In recent years back-to-college bound students have been a life vest for many retailers but this year college students and their parents won’t be spending quite as many bucks as last year.  Most families will be spending about fifty fewer dollars for back to school purchases ($600). That’s about a tank of gas required to deliver the college bound student to campus.  They will need to keep the shopping lists simple. Educator W. McKeachie observed the best professors tend to keep it simple. He noted the best lecturers are known for using “a simple plan and many examples. ”  

This retail season provides a multi-billion dollar benefit for stores. Back to school spending will exceed the $50 billion mark again this year. While back-to-college and back-to-school spending to reach over $51.4 billion this year, college students will be spending 7 percent less compared to last year.


Students will allocate the largest portion of their budgets to electronics.  The amount of money they spend will drop from $258.43 last year to $211.89 this year.  A leading retail researcher reports, “Though every college student wants the latest-and-greatest gadgets, students are being frugal this year. While some may opt for a cheaper model, many students may take advantage of computer labs at school or a family computer at home instead of investing in one themselves.”

The only notable increase this year will be in school supplies expected to increase from $63.52 to $68.47 this year. The college bound will be cutting back on their clothing and dorm furnishing purchases significantly this year with purchases in these categories expected to drop almost 14 percent. Shoes while remain at the same level as last year.
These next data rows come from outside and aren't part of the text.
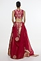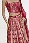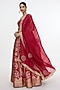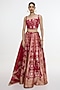 Featuring a ruby red lehenga in pure satin silk base with handwoven kadhwa banarasi technique. It is paired with a corset blouse and a dupatta. Accentuate it with statement earrings, hair accessories or a potli bag, perfect for weddings and celebrations where you want to make a statement.
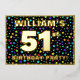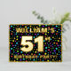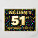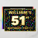 The front of this vibrant and fun fifty-first birthday celebration foil invitation card design features a personalised name, a large number “51st”, the message “BIRTHDAY PARTY!”, and a border. The background of the front has an eye-catching, colourful pattern of star shapes. The back features personalised details about the event, such as the date, time, venue/place, and any other useful information. Customised invitations like these might be a fun way to invite attendees/guests to a birthday party/gathering being held to celebrate somebody’s 51st birthday. [~Z0000600]
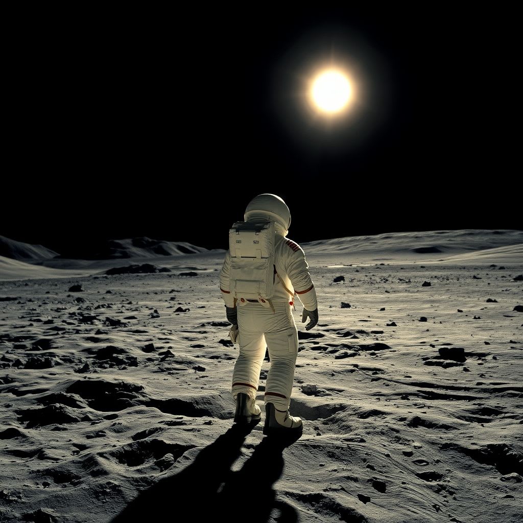 Imagine standing on the Moon’s dusty, gray surface, suited up in your bulky spacesuit, surrounded by absolute silence. Above you, a pitch-black sky stretches out endlessly. The Sun blazes down, not through a blue sky, but in raw, direct brilliance. You take a step and suddenly notice your shadow. But it’s… bizarre. Unlike anything you’ve ever seen on Earth.
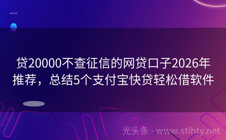 贷20000不查征信的网贷口子2026年推荐,总结5个支付宝快贷轻松借软件 在如今,小额贷款成为了许多朋友解决临时资金周转问题的便捷途径,我就要给大家推荐几个正规、可靠的的贷20000不查征信的网贷口子,让你在500元以下的借款需求得到满足,下面,就让我们一起来看看这些平台的额度、优势和特色服务吧! 2026年的贷20000不查征信的网贷口子有:惠商易借、哆来咪钱包、现金易...
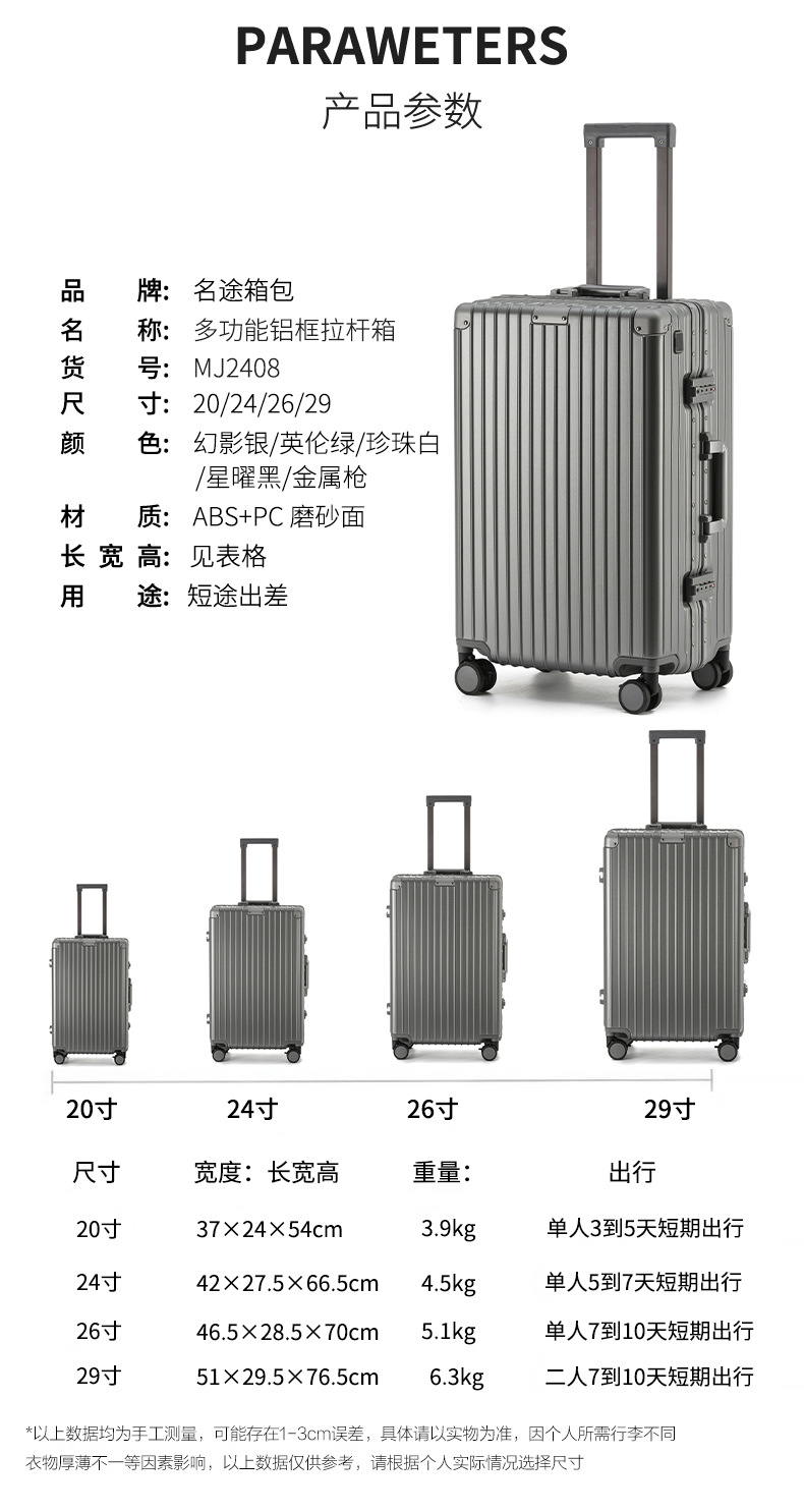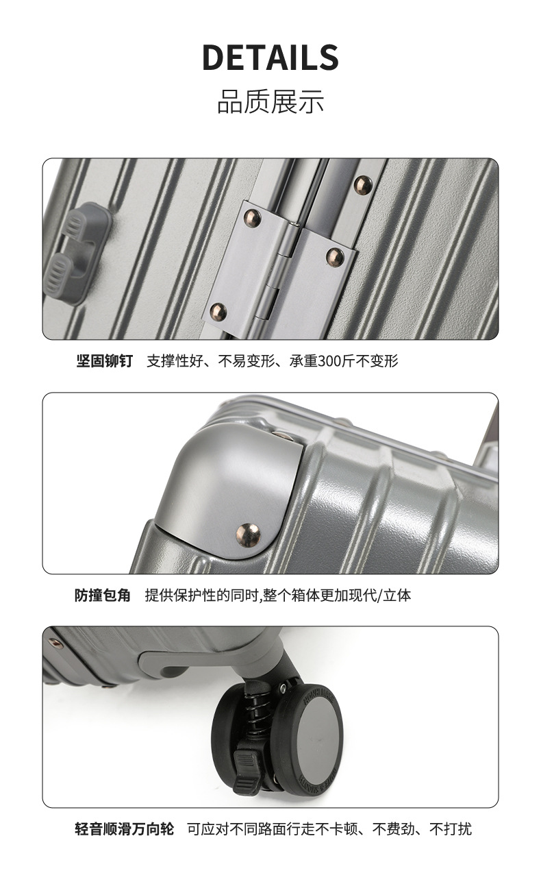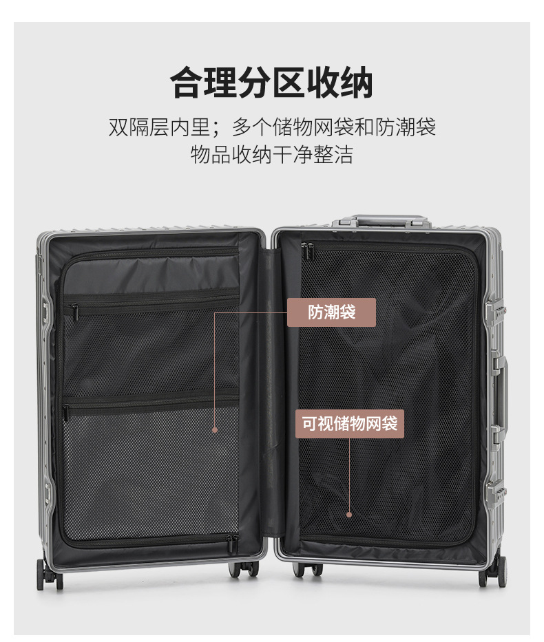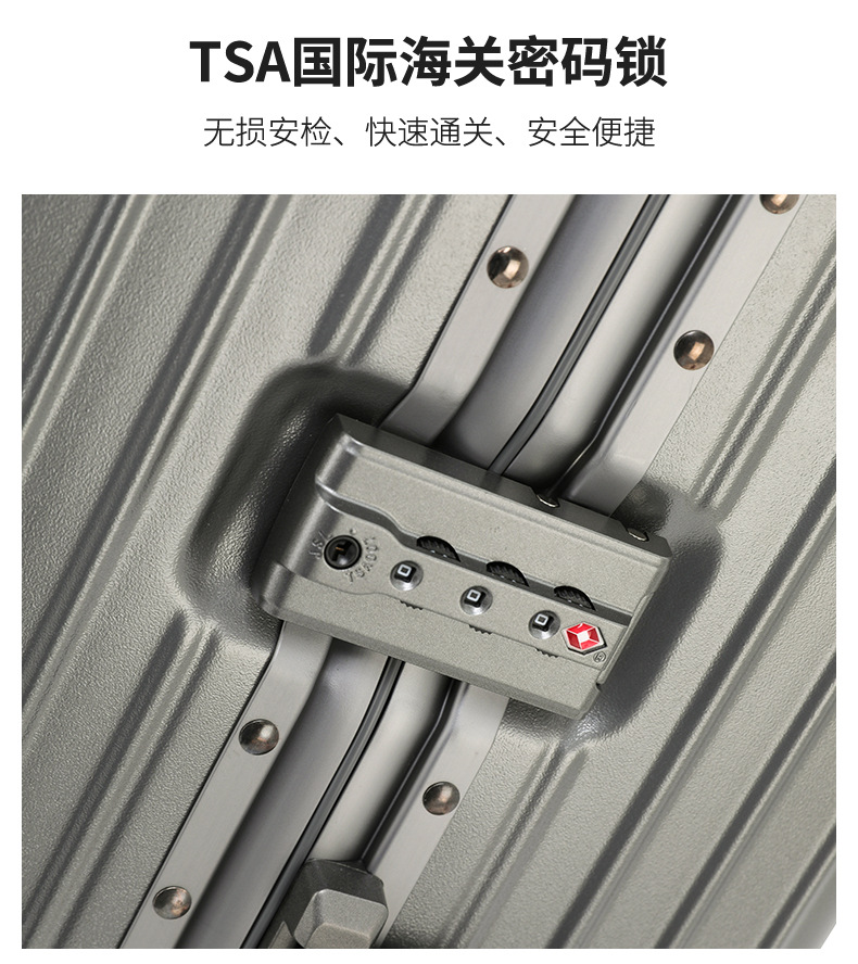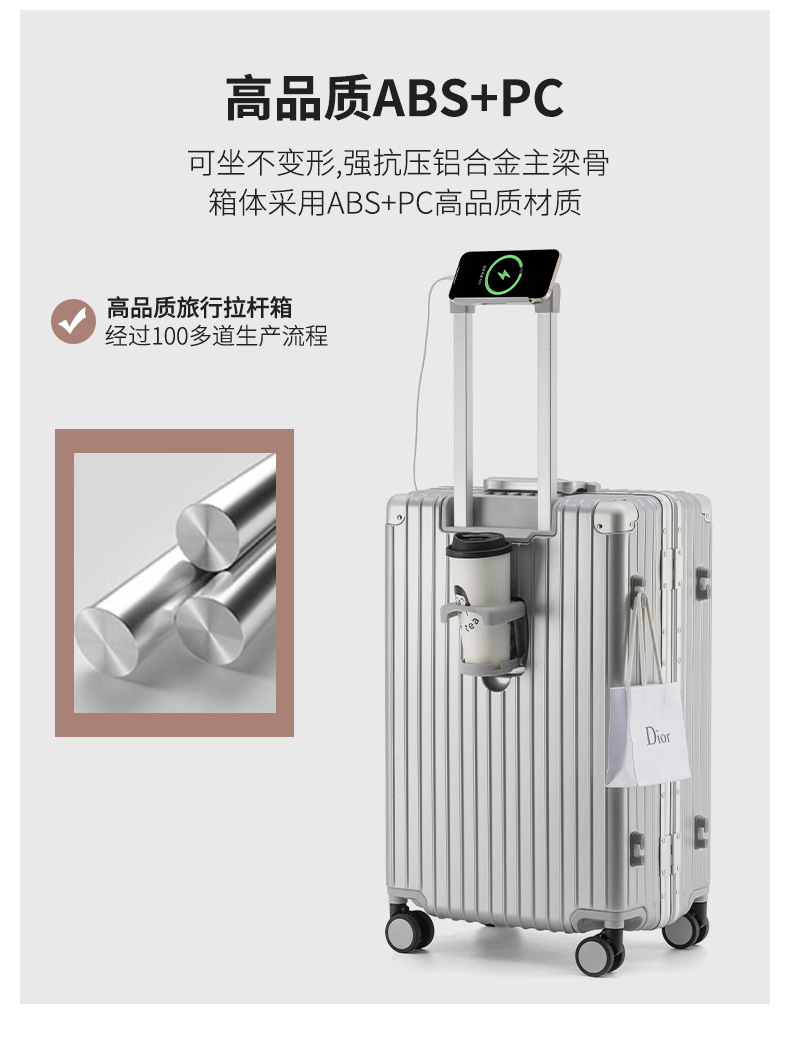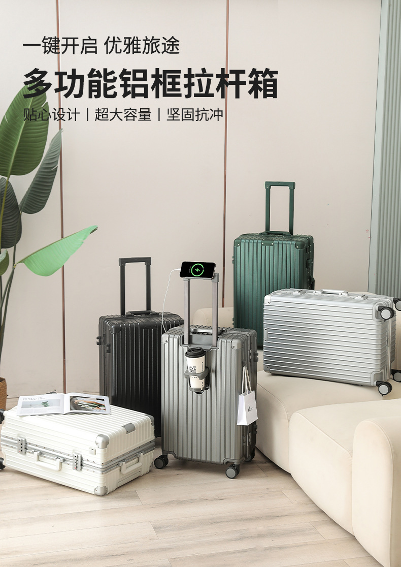 다기능 알루미늄 프레임 트롤리 케이스 USB 듀얼 인터페이스 충전 범용 휠 가방 세관 암호 잠금 수하물

College bookstores are the most likely to be affected by this drop in back-to-school spending.  Under half of students plan to buy from those stores showing a decrease of over 15 percent. With students careful with every penny, they are looking at other resources to find items at a cheaper price.  

Another big trend for this coming semester is students who are living at home and commuting to campus.  Over 54.1 percent of students will be crashing at their “parent’s pad” this year in hopes of escaping some rising prices in food and housing in the current economic environment.